__Activity__
For the material below, the expected output is exactly the lines between the line holding "本文中采用铂电阻测温、四电极探头测量电导率的方法, 应用 MEMS" and the line holding "Um fiskinn: Mjög", inclusive, with pictures left out.

^^^^^^^^^^^^^^^^

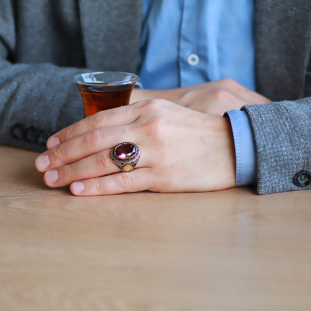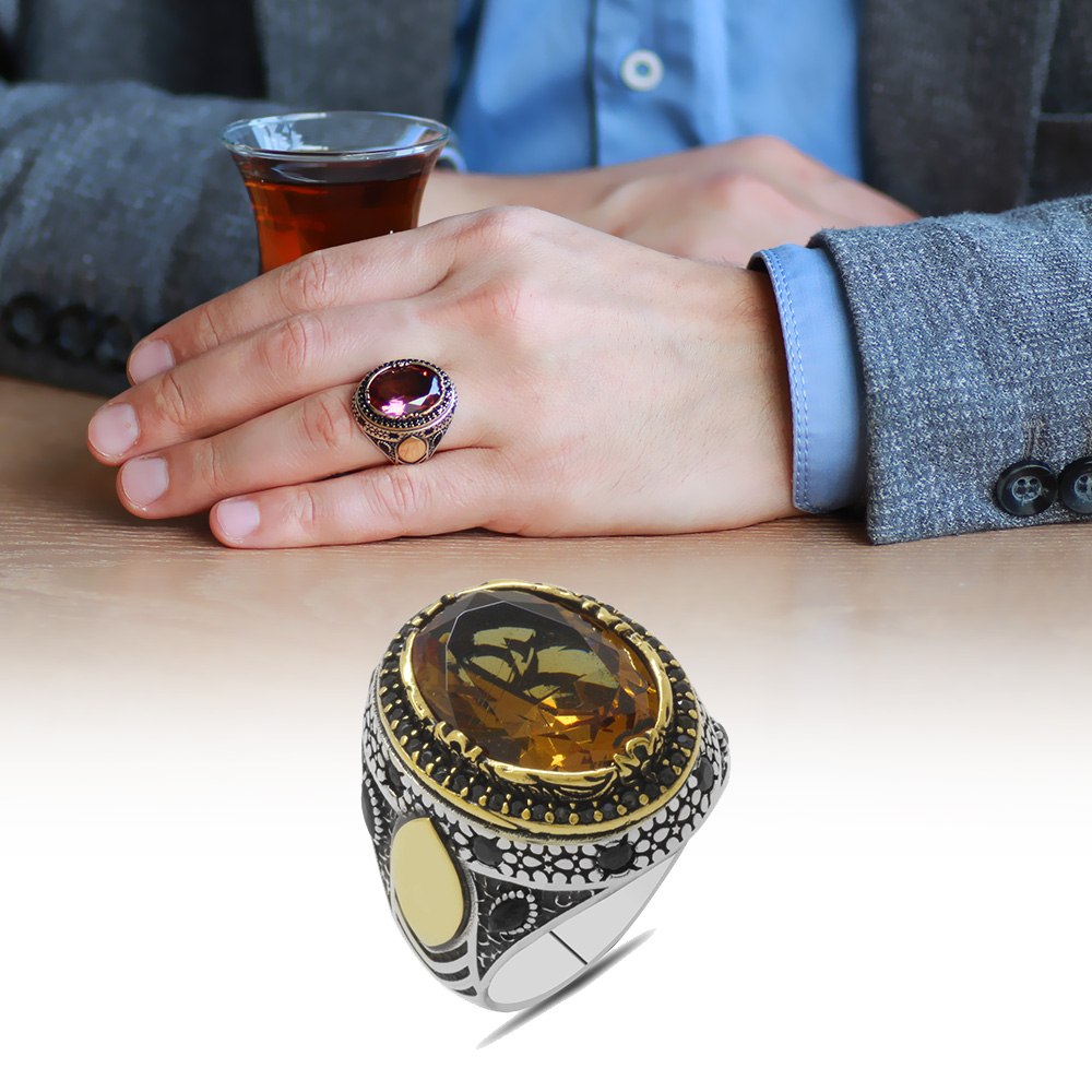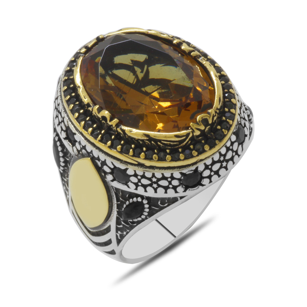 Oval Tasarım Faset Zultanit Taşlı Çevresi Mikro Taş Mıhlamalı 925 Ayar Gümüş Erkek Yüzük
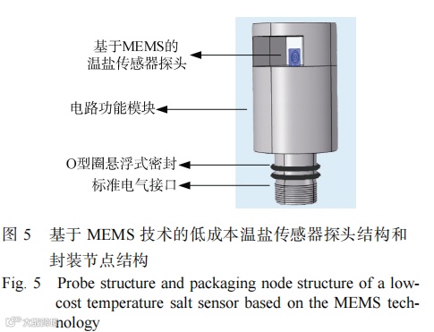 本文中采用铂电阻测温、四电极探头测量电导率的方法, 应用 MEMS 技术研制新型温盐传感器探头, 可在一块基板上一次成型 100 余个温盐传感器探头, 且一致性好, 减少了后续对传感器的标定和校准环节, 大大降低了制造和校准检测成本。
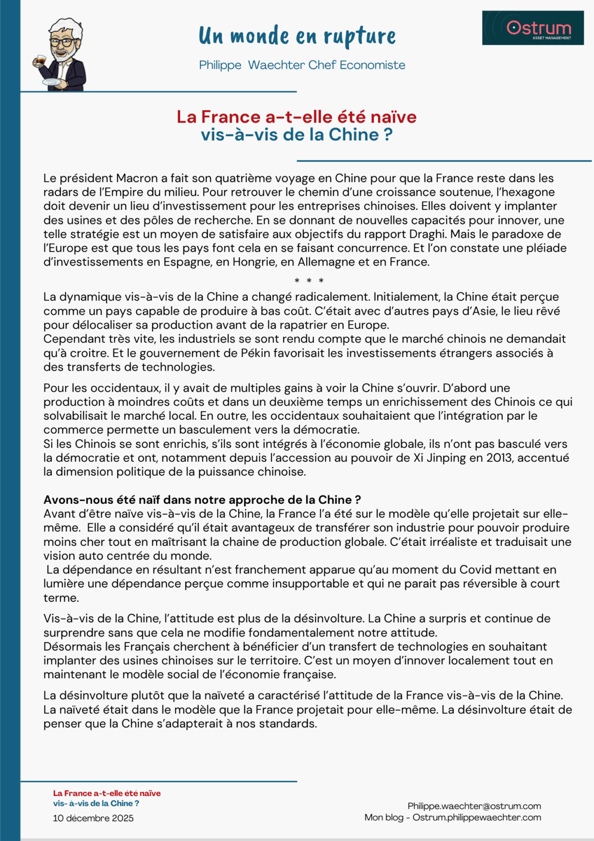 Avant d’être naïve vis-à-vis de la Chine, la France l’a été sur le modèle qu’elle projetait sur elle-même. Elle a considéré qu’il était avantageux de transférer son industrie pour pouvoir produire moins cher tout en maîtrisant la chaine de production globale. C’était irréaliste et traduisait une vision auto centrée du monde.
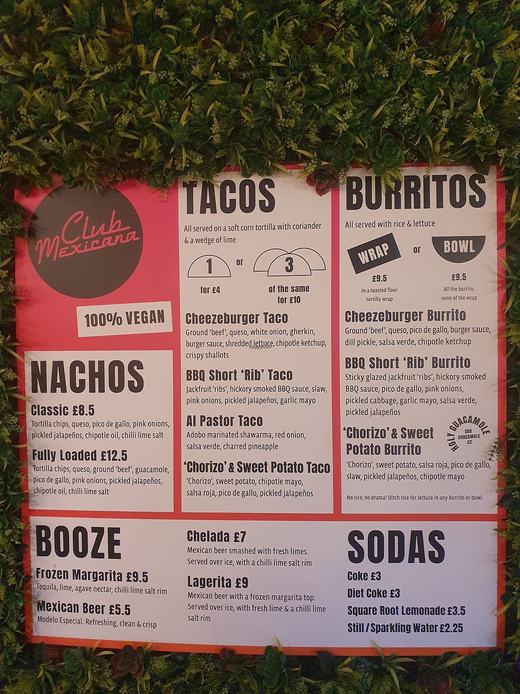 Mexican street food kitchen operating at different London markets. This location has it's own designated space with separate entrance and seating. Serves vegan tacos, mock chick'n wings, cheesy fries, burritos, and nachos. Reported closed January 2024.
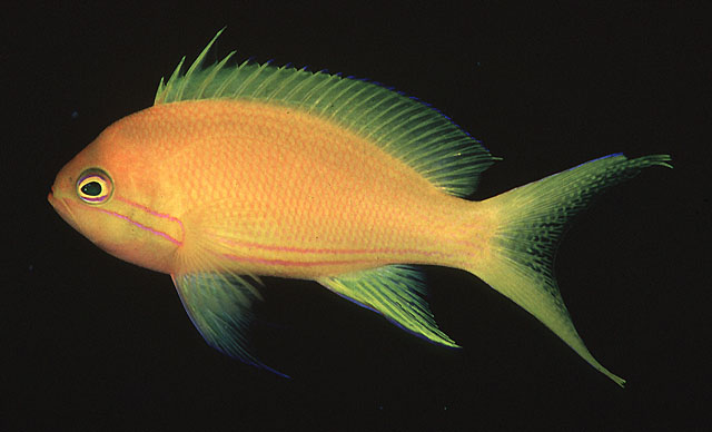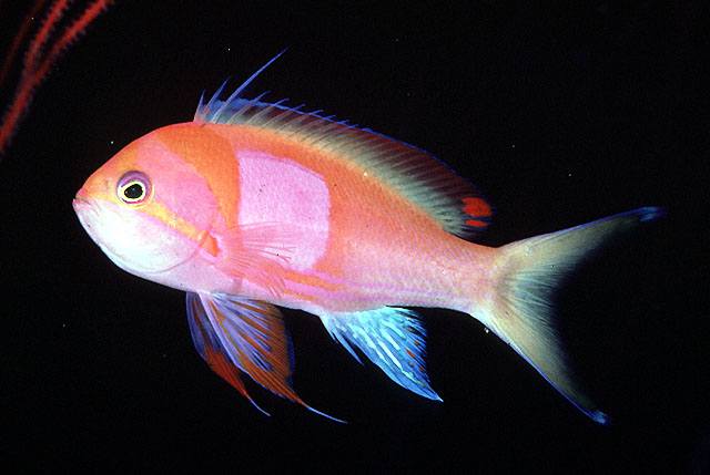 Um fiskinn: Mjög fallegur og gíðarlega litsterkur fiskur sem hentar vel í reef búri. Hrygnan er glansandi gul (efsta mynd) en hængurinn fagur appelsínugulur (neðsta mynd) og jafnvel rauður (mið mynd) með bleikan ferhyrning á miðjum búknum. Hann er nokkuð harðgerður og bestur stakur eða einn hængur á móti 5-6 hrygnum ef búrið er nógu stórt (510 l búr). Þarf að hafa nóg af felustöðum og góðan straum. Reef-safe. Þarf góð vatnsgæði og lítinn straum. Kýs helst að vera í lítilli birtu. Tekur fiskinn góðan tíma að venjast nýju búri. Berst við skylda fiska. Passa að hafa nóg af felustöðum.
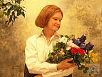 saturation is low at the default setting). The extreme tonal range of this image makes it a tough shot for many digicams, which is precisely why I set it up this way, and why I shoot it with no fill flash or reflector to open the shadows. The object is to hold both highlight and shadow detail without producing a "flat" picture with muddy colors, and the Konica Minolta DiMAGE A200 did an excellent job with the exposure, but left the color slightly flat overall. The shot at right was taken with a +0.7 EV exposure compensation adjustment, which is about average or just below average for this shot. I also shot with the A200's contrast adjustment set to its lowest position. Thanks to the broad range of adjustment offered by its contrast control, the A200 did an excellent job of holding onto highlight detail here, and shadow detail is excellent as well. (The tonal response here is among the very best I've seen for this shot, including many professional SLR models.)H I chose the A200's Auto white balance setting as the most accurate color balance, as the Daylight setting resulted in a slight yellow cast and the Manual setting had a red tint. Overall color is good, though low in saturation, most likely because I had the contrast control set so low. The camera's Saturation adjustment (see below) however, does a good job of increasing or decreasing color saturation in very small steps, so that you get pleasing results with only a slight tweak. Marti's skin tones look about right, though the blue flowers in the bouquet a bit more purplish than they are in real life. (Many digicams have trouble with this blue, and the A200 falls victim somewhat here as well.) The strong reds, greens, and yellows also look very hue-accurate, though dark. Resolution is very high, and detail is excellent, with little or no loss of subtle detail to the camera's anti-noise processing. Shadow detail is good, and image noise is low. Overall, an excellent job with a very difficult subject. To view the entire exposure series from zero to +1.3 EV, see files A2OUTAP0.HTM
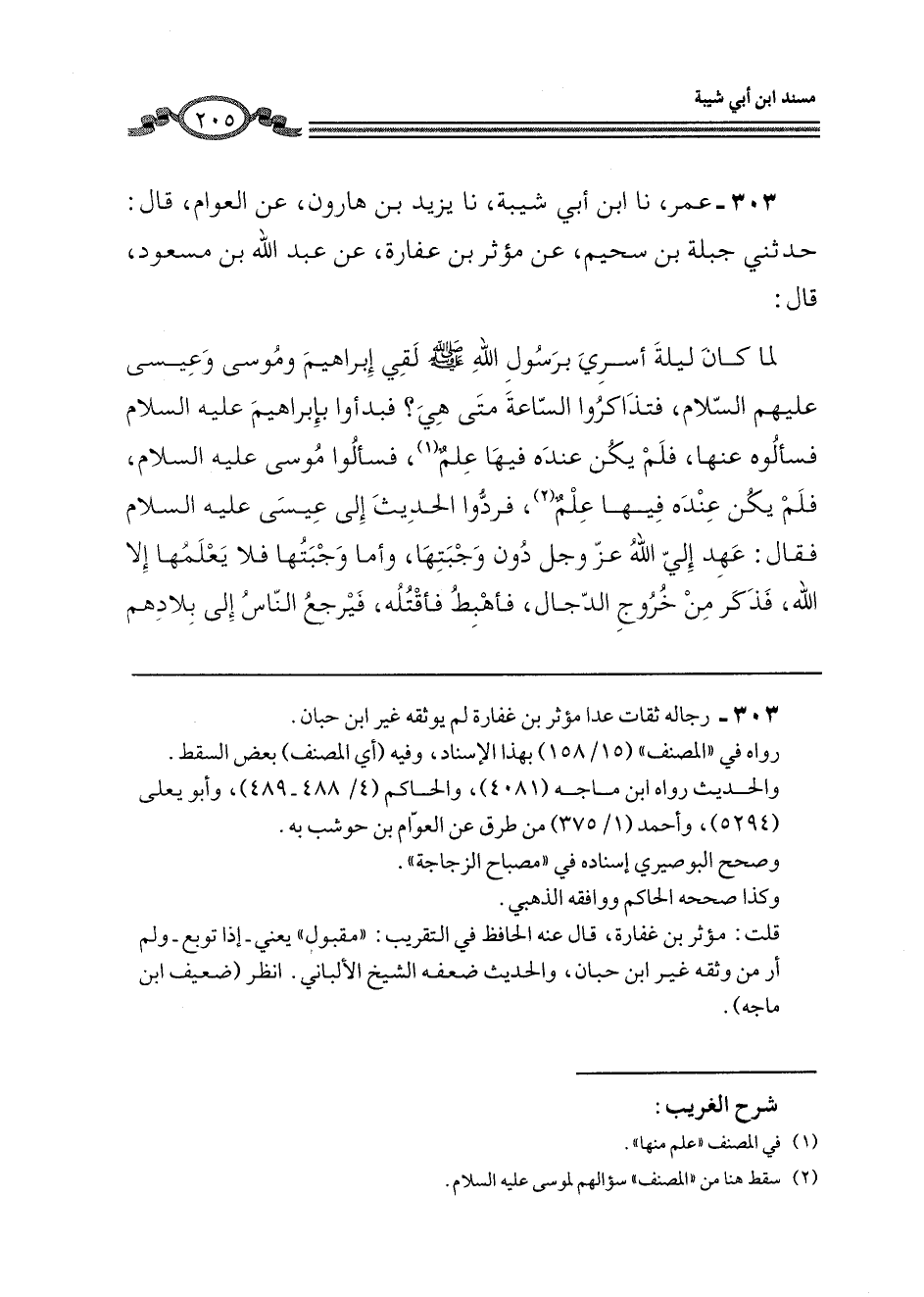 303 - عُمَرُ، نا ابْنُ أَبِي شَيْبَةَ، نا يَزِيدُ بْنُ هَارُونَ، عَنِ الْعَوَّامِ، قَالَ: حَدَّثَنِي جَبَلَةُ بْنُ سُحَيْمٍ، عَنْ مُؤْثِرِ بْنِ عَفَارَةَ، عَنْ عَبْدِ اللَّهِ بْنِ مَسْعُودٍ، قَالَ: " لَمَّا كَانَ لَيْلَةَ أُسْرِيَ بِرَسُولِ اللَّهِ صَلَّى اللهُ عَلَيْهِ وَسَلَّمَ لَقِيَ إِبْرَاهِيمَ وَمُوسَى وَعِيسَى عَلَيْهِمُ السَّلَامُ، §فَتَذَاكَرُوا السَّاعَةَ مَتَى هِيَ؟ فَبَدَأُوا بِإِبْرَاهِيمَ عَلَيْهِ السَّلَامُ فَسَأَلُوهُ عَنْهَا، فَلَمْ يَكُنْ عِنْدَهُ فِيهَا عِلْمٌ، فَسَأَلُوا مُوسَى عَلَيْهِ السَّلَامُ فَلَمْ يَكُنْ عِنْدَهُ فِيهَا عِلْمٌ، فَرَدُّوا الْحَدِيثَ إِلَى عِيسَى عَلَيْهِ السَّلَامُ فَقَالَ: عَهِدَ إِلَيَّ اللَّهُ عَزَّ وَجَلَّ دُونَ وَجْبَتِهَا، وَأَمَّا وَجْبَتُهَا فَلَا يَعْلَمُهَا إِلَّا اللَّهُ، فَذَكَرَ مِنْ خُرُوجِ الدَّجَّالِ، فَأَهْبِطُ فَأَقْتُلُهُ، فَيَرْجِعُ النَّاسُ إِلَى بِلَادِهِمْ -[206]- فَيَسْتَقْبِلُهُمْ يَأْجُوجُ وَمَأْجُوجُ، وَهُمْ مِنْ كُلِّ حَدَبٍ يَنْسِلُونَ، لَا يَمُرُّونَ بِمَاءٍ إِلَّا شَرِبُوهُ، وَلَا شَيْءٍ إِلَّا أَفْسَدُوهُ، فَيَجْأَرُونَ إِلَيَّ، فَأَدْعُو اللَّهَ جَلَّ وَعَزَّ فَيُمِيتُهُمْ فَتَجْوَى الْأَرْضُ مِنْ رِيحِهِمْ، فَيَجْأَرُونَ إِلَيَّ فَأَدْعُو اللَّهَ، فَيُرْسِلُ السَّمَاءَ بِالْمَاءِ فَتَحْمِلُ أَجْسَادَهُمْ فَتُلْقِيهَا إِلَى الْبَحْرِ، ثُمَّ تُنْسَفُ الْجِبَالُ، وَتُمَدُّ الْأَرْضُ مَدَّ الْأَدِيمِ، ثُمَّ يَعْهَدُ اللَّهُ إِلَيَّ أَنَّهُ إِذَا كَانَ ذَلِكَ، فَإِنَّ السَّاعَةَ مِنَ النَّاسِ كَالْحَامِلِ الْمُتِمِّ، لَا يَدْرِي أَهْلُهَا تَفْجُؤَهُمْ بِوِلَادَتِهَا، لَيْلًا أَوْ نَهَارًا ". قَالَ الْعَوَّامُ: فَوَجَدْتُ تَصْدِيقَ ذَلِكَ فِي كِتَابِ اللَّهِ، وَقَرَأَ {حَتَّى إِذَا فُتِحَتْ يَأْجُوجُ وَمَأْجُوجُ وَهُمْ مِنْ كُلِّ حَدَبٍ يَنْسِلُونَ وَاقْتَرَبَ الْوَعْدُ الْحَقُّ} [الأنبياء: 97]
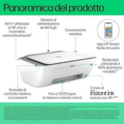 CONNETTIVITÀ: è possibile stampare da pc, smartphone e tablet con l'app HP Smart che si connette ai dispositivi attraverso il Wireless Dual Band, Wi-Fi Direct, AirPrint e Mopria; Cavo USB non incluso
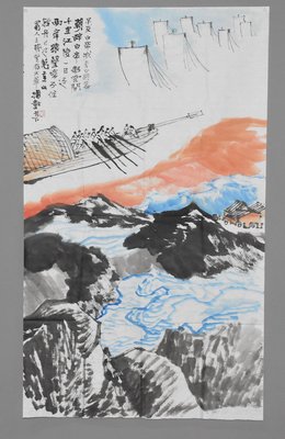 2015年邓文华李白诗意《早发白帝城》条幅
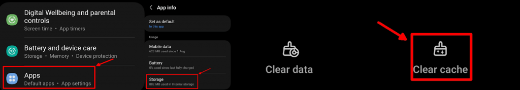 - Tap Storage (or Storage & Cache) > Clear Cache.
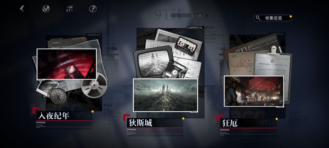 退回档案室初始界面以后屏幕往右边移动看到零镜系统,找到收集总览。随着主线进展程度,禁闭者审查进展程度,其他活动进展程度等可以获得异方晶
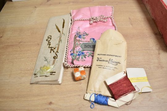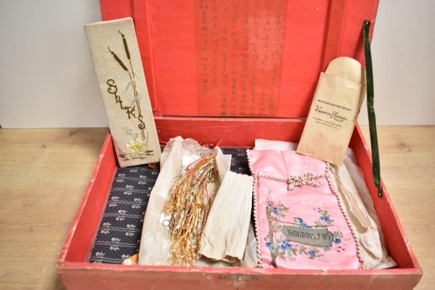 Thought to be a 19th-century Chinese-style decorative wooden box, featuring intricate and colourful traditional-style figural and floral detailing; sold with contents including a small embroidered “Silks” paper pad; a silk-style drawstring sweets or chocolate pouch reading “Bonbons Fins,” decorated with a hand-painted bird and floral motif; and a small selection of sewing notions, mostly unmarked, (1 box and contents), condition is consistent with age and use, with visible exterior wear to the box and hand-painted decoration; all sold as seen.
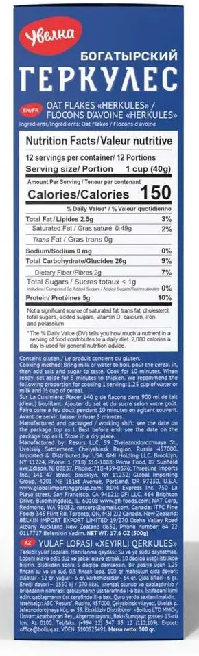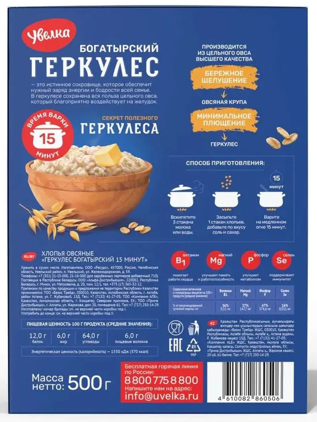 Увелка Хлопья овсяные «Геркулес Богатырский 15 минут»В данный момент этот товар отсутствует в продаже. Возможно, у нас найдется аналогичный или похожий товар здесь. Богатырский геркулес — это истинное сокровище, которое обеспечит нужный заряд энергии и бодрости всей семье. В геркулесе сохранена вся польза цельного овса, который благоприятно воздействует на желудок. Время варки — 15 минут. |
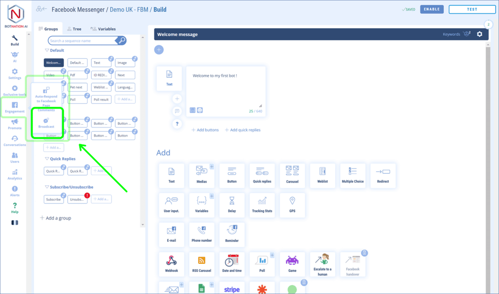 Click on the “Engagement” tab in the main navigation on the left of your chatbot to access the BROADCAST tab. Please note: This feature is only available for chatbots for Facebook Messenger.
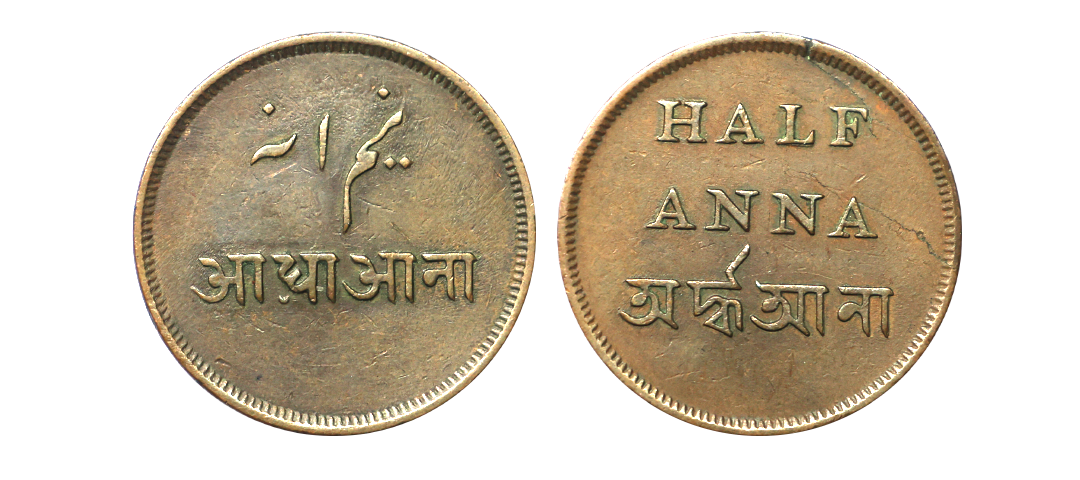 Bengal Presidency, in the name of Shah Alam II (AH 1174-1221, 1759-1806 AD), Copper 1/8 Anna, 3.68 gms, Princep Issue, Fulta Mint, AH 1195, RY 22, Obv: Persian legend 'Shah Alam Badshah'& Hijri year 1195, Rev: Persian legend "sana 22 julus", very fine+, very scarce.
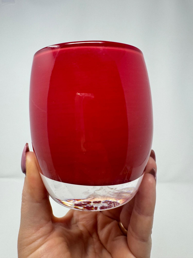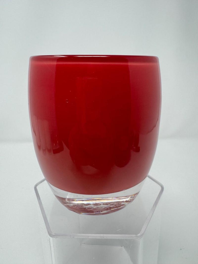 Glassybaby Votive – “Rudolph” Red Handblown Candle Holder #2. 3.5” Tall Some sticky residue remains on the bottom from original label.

^^^^^^^^^^^^^^^^

__Solution for this task__
 本文中采用铂电阻测温、四电极探头测量电导率的方法, 应用 MEMS 技术研制新型温盐传感器探头, 可在一块基板上一次成型 100 余个温盐传感器探头, 且一致性好, 减少了后续对传感器的标定和校准环节, 大大降低了制造和校准检测成本。
 Avant d’être naïve vis-à-vis de la Chine, la France l’a été sur le modèle qu’elle projetait sur elle-même. Elle a considéré qu’il était avantageux de transférer son industrie pour pouvoir produire moins cher tout en maîtrisant la chaine de production globale. C’était irréaliste et traduisait une vision auto centrée du monde.
 Mexican street food kitchen operating at different London markets. This location has it's own designated space with separate entrance and seating. Serves vegan tacos, mock chick'n wings, cheesy fries, burritos, and nachos. Reported closed January 2024.
 Um fiskinn: Mjög fallegur og gíðarlega litsterkur fiskur sem hentar vel í reef búri. Hrygnan er glansandi gul (efsta mynd) en hængurinn fagur appelsínugulur (neðsta mynd) og jafnvel rauður (mið mynd) með bleikan ferhyrning á miðjum búknum. Hann er nokkuð harðgerður og bestur stakur eða einn hængur á móti 5-6 hrygnum ef búrið er nógu stórt (510 l búr). Þarf að hafa nóg af felustöðum og góðan straum. Reef-safe. Þarf góð vatnsgæði og lítinn straum. Kýs helst að vera í lítilli birtu. Tekur fiskinn góðan tíma að venjast nýju búri. Berst við skylda fiska. Passa að hafa nóg af felustöðum.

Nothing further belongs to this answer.